[EXCERPTED RECORDS Boundary: Start]
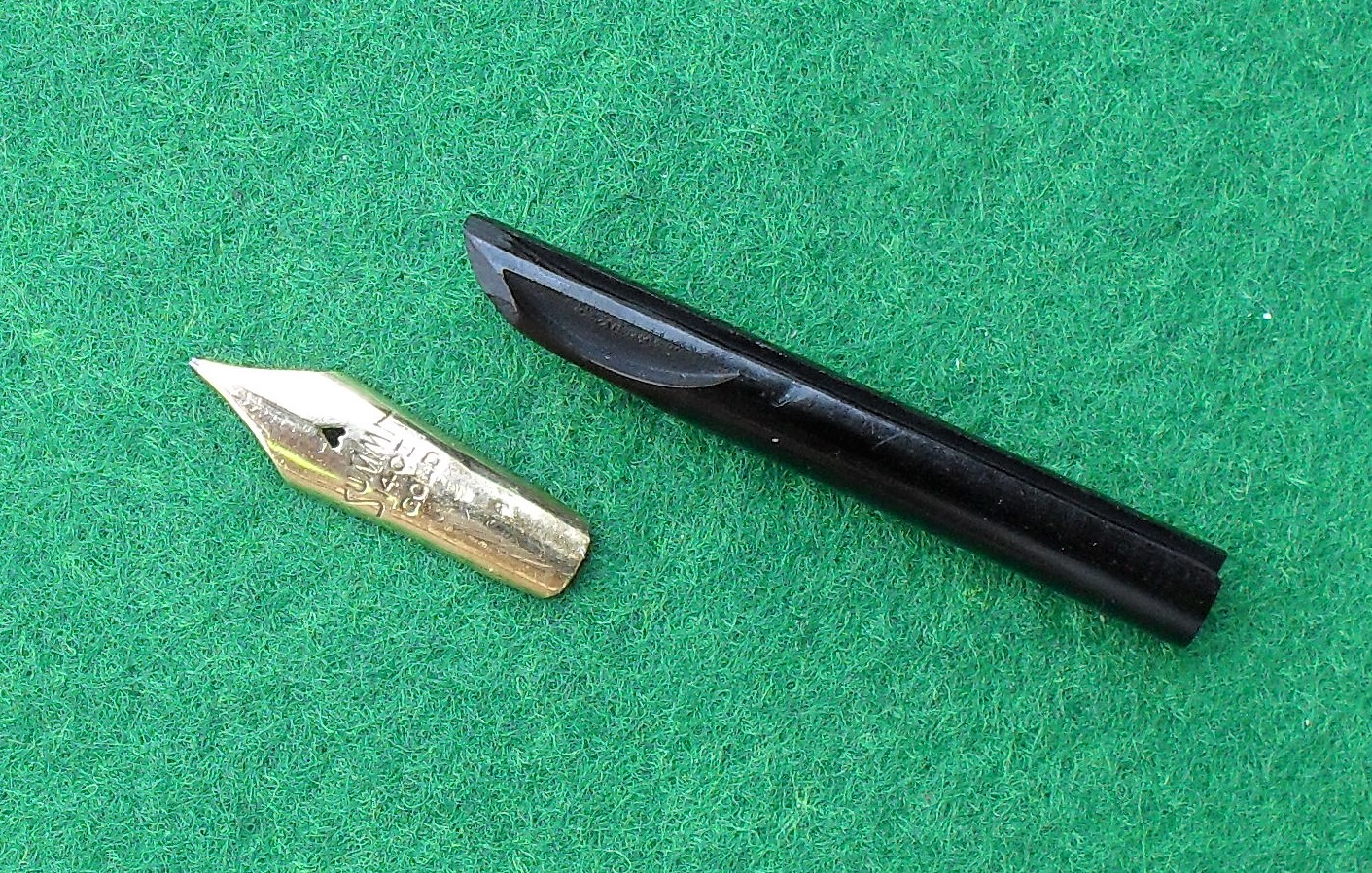 Probabilmente a causa di un tentativo un po’ maldestro di rimozione, il pennino aveva alla base un avallamento, che ho potuto rimuovere quasi del tutto agendo dall’interno con uno stuzzicadenti da cocktail.
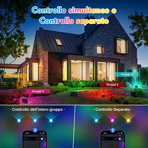 ✅【29 modalità di cambio colore】L'app Bluetooth dispone di 29 modalità di cambio colore, come "Strobe, Jump, Fade in and out". È possibile regolare facilmente la luminosità, il colore e la velocità di variazione del colore o la velocità stroboscopica. Perfetto per Halloween, Natale, festa, patio, giardino, portico, piscina, alberi, prato, stag
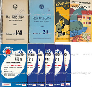 Konvolut 6 Reglements Liege – Sofia – Liege, 1961 (mit Zeitwertungsheft Wagen 20 unvollständig, sowie alter Landkarte ehem. Jugoslawien), 2x 1962, 2x 1963, sowie 1964 (mit Zeitwertungsheft Wagen 149 „Specimen“ ungenutzt), guter Zustand
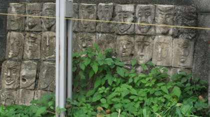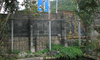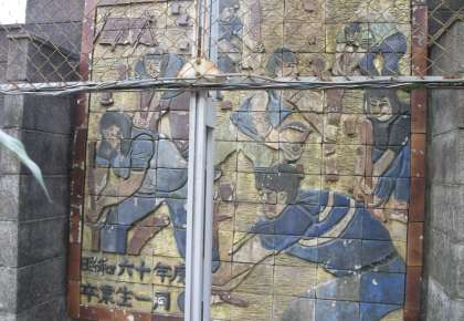 校門を入ってすぐ左側に池があります。ブロック塀には,卒業生の作品が飾られています。力強い作品が,子どもたちの成長を見守ってくれています。
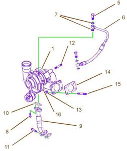 注:回油管組件(9)上法蘭需用6mm調整螺釘(8)固定到渦輪增壓器(1)上。回油管組件(9)下法蘭需用8mm調整螺釘(11)固定到缸體上。
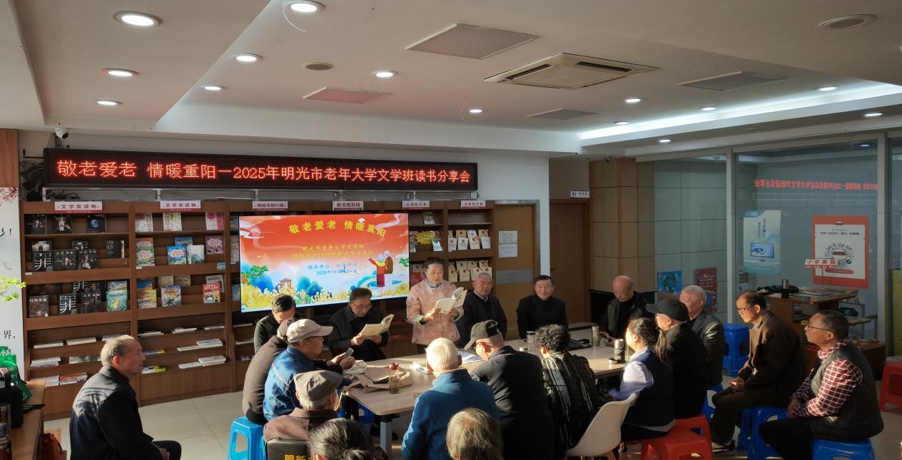 明光市老年大学文学班组建于 2016年3月,以满足老年人精神文化需求为宗旨,聚焦学与乐,开设诗歌、散文、古典文学赏析、写作等课程,为老年文学爱好者搭建学习交流平台,成为大家追寻文学梦、丰富晚年生活的精神家园。办班以来,累计吸引 260 余名老年朋友参与,每学期注册学员约 50 名,年龄均在50周岁以上,现有80周岁以上学员12名。
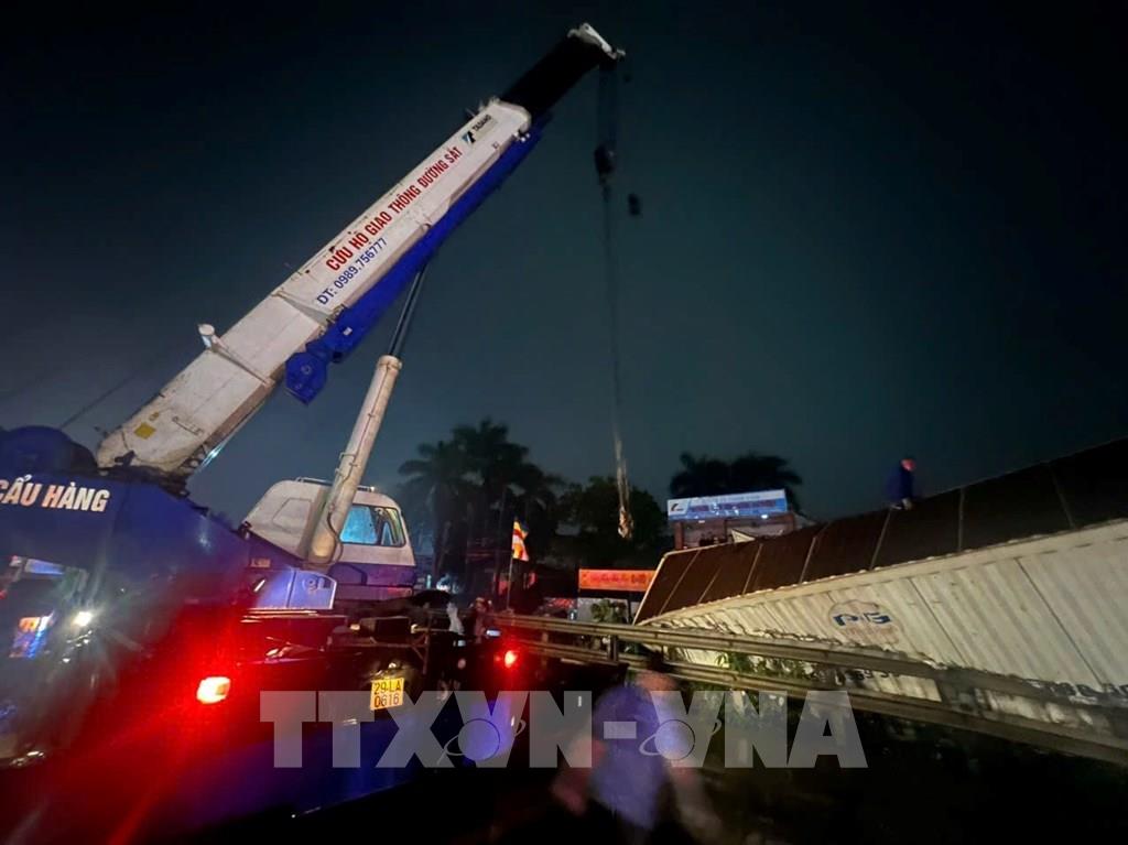 Lực lượng chức năng di chuyển ô tô tải bị nạn ra khỏi phạm vi đường sắt. Ảnh: Phạm Kiên - TTXVN
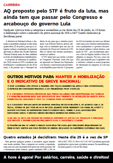 Para aprovar qualquer projeto, é necessário seguir lutando com muita unidade. Para a categoria ser ouvida e respeitada, mais uma vez será necessária forte greve em nível nacional. Até o fechamento deste boletim, quatro entidades já tinham aprovado paralisações e greve para a próxima semana (MG e BA de 30/6 a 04/7; TRT-15: 30/6 e 01/7; SC: 03/7). Na assembleia geral desta quarta é a vez de São Paulo. A hora é agora! Por salários, carreira, saúde e direitos!
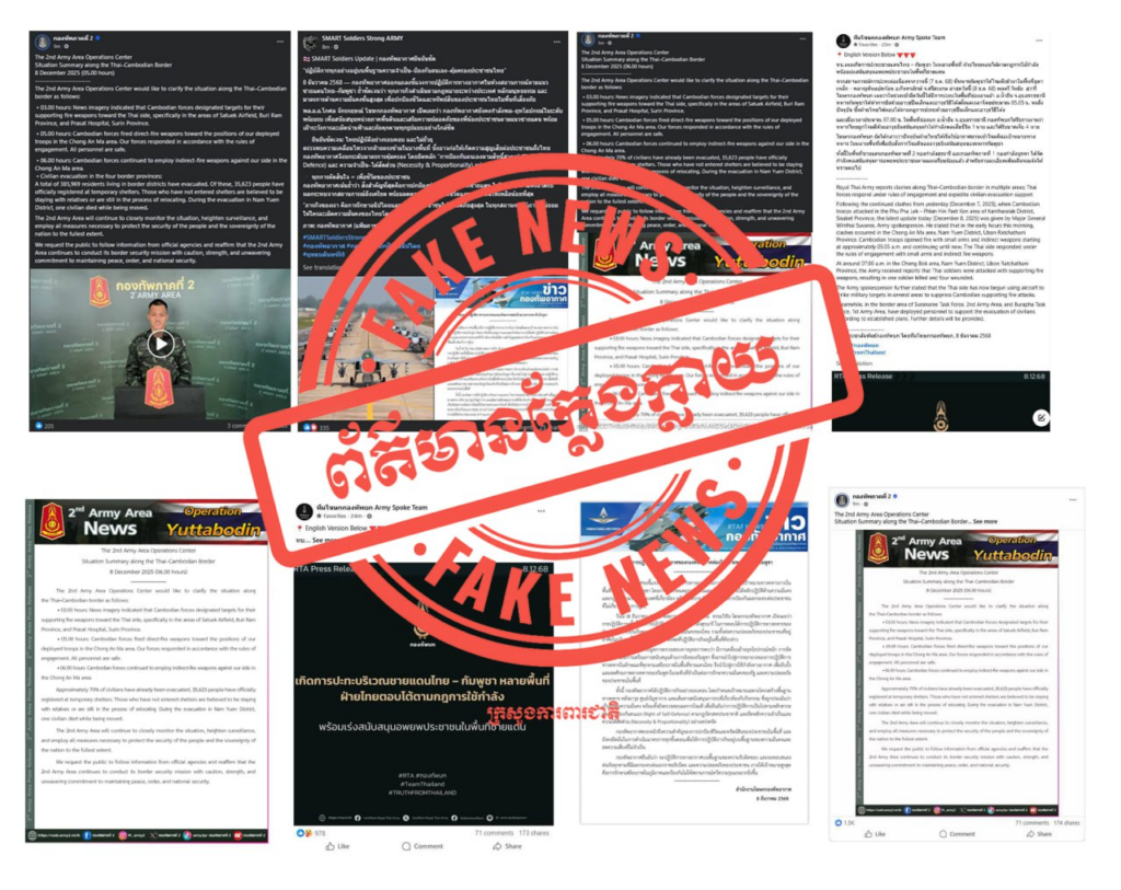ក្រសួងការពារជាតិ នៃកម្ពុជា នៅព្រឹកថ្ងៃទី៨ ខែធ្នូ ឆ្នាំ២០២៥នេះ បានចេញមកច្រានចោលការចោទប្រកាន់របស់ផេកផ្លូវការរបស់កងទ័ពថៃ និងបណ្តាញសារព័ត៌មានថៃមួយចំនួន ថាកម្ពុជាបើកការបាញ់មុននិងប្រើសព្វាវុធធុនធ្ងន់នៅតាមបណ្តោយព្រំដែនកម្ពុជា-ថៃ ជាព័ត៌មានមិនពិត។
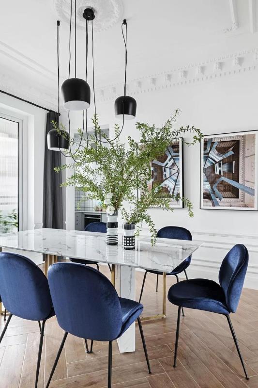 餐厅是如何体现精致的?也许是简约但不简单的大理石桌,也许是造型简单但舒适的椅子,也许是那生机勃勃的绿植。但不可否认的是,没有一蹴而就的精致,都是一点一滴所堆砌的。包括地砖、吊灯、壁画等等,都是不可或缺的因素。
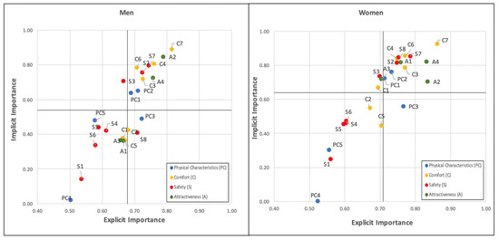 Once the explicit importance and implicit importance values are known, it is possible to classify the factors that may influence users’ decision to walk, identified in Table 1, using importance grids (IG), according to the theory of three factors. The average values of the two importance factors were used to classify the 4 quadrants of the importance grid. The aspects judged by respondents as important performance factors fall in the upper right quadrant; in the lower right quadrant there are the aspects considered basic factors; the aspects judged to be unimportant performance factors fall in the lower left quadrant and the aspects considered excitation factors are found in the upper left quadrant. The following figures show the importance grids for each user category considered.
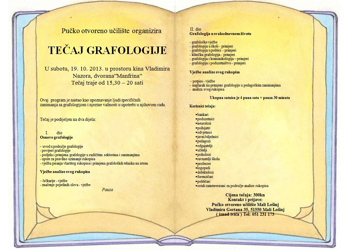 Ovaj program je nastao kao upoznavanje ljudi specifičnih zanimanja sa grafologijom i njezine važnosti u upotrebi u njihovom radu.
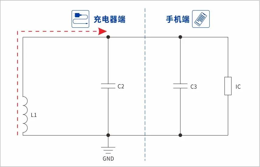 如上圖,總會(huì)存在一些斷開充電的瞬間,漏感L1給C2、C3充電,除此之外,充電端到手機(jī)端整個(gè)充電回路其實(shí)也有電感存在??傊覀兌伎梢园阉粗荓1 。
[EXCERPTED RECORDS Boundary: End]
PROBLEM STATEMENT
Print an exact copy of the lines above, from the one containing "注:回油管組件(9)上法蘭需" through the one containing "Lực lượng chức", and leave out the pictures.

SOLUTION
 注:回油管組件(9)上法蘭需用6mm調整螺釘(8)固定到渦輪增壓器(1)上。回油管組件(9)下法蘭需用8mm調整螺釘(11)固定到缸體上。
 明光市老年大学文学班组建于 2016年3月,以满足老年人精神文化需求为宗旨,聚焦学与乐,开设诗歌、散文、古典文学赏析、写作等课程,为老年文学爱好者搭建学习交流平台,成为大家追寻文学梦、丰富晚年生活的精神家园。办班以来,累计吸引 260 余名老年朋友参与,每学期注册学员约 50 名,年龄均在50周岁以上,现有80周岁以上学员12名。
 Lực lượng chức năng di chuyển ô tô tải bị nạn ra khỏi phạm vi đường sắt. Ảnh: Phạm Kiên - TTXVN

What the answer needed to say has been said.